Tech • IA • Crypto
The rise of AI tools now allows complete beginners to build applications in just a few days, provided they adopt a structured, problem-oriented approach.
Novice users are able to design their first application or automation in just a few days. The accessibility of AI-assisted coding agents drastically lowers the barrier to entry, making these tools usable far beyond the circle of developers.
By 2026, AI-related skills are expected to become standard across many professions. The challenge is no longer just technical but professional: failing to master these tools risks becoming a disadvantage in the job market.
The recommended method is based on identifying tasks that cost the most time or money. AI is then used to solve that specific problem. This high-leverage logic allows for rapid return on investment.
Two uses clearly stand out. Automation aims to delegate repetitive tasks, while augmentation involves using AI as an advisor capable of analyzing context and improving decision-making. Real effectiveness comes from combining both.

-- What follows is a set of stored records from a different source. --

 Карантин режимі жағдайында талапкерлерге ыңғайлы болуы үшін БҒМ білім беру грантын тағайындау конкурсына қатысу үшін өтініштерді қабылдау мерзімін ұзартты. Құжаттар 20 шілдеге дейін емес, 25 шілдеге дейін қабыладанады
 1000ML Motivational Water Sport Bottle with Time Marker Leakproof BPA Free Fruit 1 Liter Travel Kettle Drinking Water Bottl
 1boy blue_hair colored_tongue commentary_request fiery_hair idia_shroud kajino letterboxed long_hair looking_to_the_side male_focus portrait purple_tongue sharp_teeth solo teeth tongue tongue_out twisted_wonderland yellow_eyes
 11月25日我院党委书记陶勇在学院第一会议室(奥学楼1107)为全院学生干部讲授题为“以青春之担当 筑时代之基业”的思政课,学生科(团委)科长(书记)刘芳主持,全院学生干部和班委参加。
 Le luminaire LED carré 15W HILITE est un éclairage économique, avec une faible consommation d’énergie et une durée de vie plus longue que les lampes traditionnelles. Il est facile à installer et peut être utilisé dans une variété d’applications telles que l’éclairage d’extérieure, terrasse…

Setup involves installation via terminal (Mac or Windows) and using an environment like Visual Studio Code. File organization is essential: a structured workspace significantly improves AI performance.

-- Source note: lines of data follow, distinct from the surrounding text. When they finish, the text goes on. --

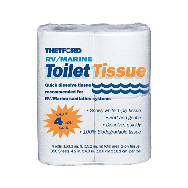 THETFORD 水溶性 トイレットペーパー シングル 4ロール / 水に溶けやすい マリントイレ ポータブルトイレ
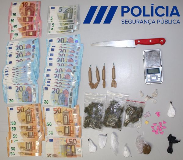 Foram apreendidas cerca de 250 doses de anfetaminas, cocaína, liamba e haxixe, além de quatro engenhos pirotécnicos, uma faca e 1.355 euros, que as autoridades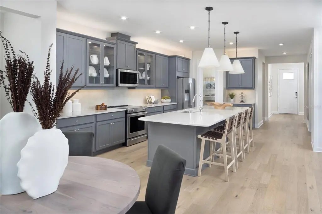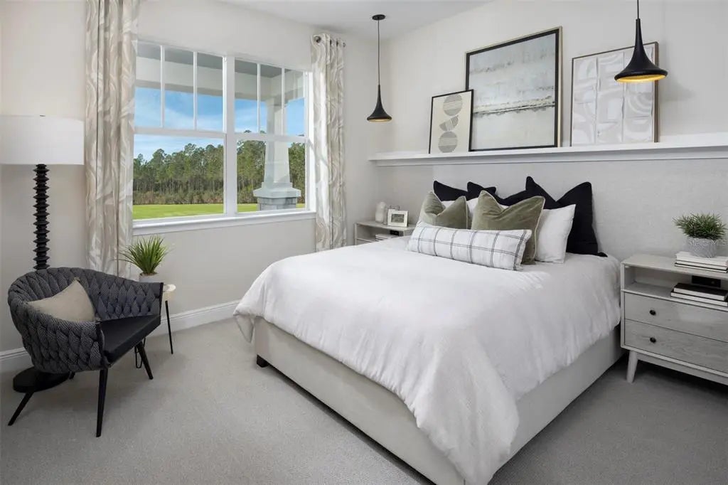 Step into the Merigold, a beautifully finished single-family home where sunlit rooms, flowing open spaces, and refined details create an atmosphere that feels both inviting and effortlessly polished. This thoughtfully planned layout offers 2 bedrooms, 2 baths, a study, and a spacious 2-car garage, paired with the warm curb appeal of the Craftsman elevation. Inside, the main living areas are dressed in large-format wood-look tile laid in an elegant staggered pattern, lending the home a clean, natural foundation that’s both stylish and easy to maintain. The kitchen features soft gray cabinetry with crown molding, crisp white quartz countertops, a generous island, and a stacked tile backsplash that adds subtle texture. The owner’s suite includes a relaxing bedroom, a large walk-in closet, dual sinks, and a beautifully tiled walk-in shower with floor-to-ceiling tile. The second bathroom boasts an upgraded recessed shower with fresh, bright tilework. Soft neutral-tone carpet warms both bedrooms, while the study continues the same handsome tile as the main living areas. Impact-rated windows provide added peace of mind and year-round comfort. Additional highlights include 8' interior doors, brushed-nickel finishes, an included washer and dryer, and a screened lanai with paver flooring for enjoying breezy mornings and peaceful evenings. Residents enjoy an impressive 11-acre amenity campus with a resort-style pool, lap pool, spa, fitness studios, pickleball and bocce courts, gathering lawns, lakeside seating, plus a lively dining and social scene at the Bright Bar and Daily Drip café. All of this is located just minutes from Downtown Wellen’s waterfront restaurants, events, and boutiques, as well as Gulf beaches known for soft white sand and glowing sunsets, with access to miles of trails that wind throughout the Wellen Park community. ***Photos, renderings and plans are for illustrative purposes only and should never be relied upon and may vary from the actual home. Pricing, dimensions and features can change at any time without notice or obligation. The photos may be from a furnished model home and not the home offered for sale.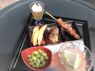 アルコールと、厨房で手作りした晩酌セットをご用意しました。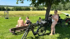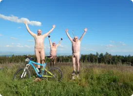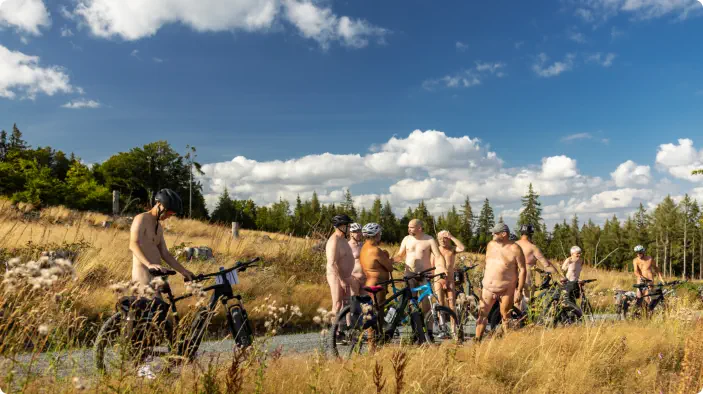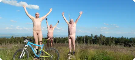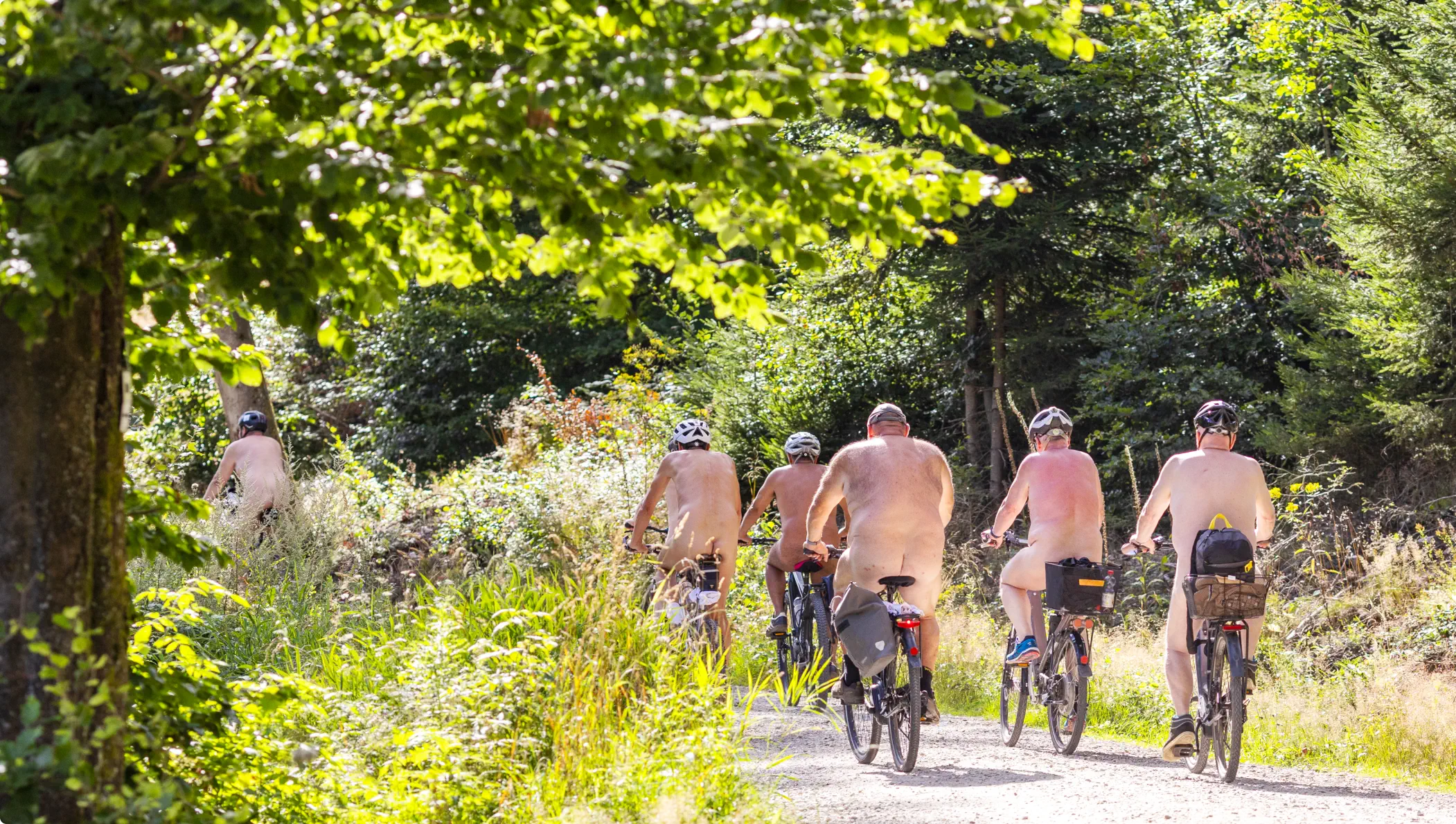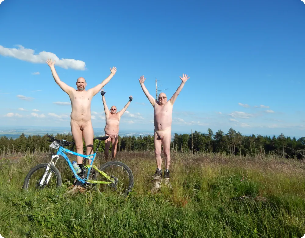 Wir sind eine Gruppe von Naturisten, die gerne in der Natur nackt Rad fahren.

Grouping all projects into a single central folder allows the AI to accumulate context. This approach improves consistency, enables reuse of components, and speeds up the creation of new applications.
AI becomes significantly more effective when it has clear instructions and a structured environment. Dedicated configuration files help define rules, preferences, and workflows, making the tool up to “one hundred times” more relevant depending on usage.
Tools like Seed (ideation) and Pull (building) structure the process. The first helps formalize a project, while the second orchestrates its execution in phases, with clear organization of tasks and goals.
AI can be connected to external tools (CRM, project management, etc.) to automate entire processes. A concrete example: lead qualification, writing personalized emails, and automatic updates of sales pipelines.
Progress relies on a simple cycle: solve a problem, master the tool, then repeat. Each project strengthens skills and expands possibilities, gradually turning the user into an operational expert.
Simplified access to coding agents turns AI into an immediate productivity lever, provided you target concrete problems and structure its use around context and priorities.